Btw. - looking at walk_tree_without_duplicates and the associated
walk_tree in tree-inline.c - we're putting all visited trees in the
hashtab. Can't we avoid putting trees inside there that can't be shared?
Maybe at least optimize this in the for_each_template_param case?
Just a thought,
Richard.
--
Richard Guenther <richard dot guenther at uni-tuebingen dot de>
WWW: http://www.tat.physik.uni-tuebingen.de/~rguenth/
^ permalink raw reply [flat|nested] 10+ messages in thread
* Re: Speed/profile of gcc3.4
2004-01-20 15:29 ` Richard Guenther
@ 2004-01-20 16:59 ` Richard Guenther
0 siblings, 0 replies; 10+ messages in thread
From: Richard Guenther @ 2004-01-20 16:59 UTC (permalink / raw)

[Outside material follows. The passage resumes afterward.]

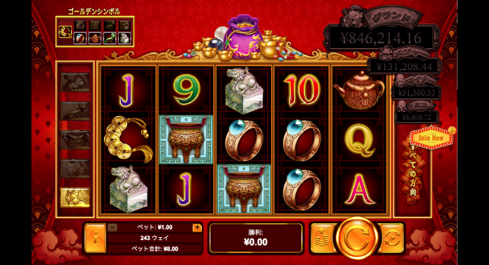「PLENTIFUL TREASURE」はジャックポット対応機種で、通常のベットとは別に5段階の追加ベットをすることで、ジャックポットによる獲得金額が変わります。

To: Jan Hubicka; +Cc: gcc, Mark Mitchell
[-- Attachment #1: Type: TEXT/PLAIN, Size: 599 bytes --]
On Tue, 20 Jan 2004, Richard Guenther wrote:
> Btw. - looking at walk_tree_without_duplicates and the associated
> walk_tree in tree-inline.c - we're putting all visited trees in the
> hashtab. Can't we avoid putting trees inside there that can't be shared?
> Maybe at least optimize this in the for_each_template_param case?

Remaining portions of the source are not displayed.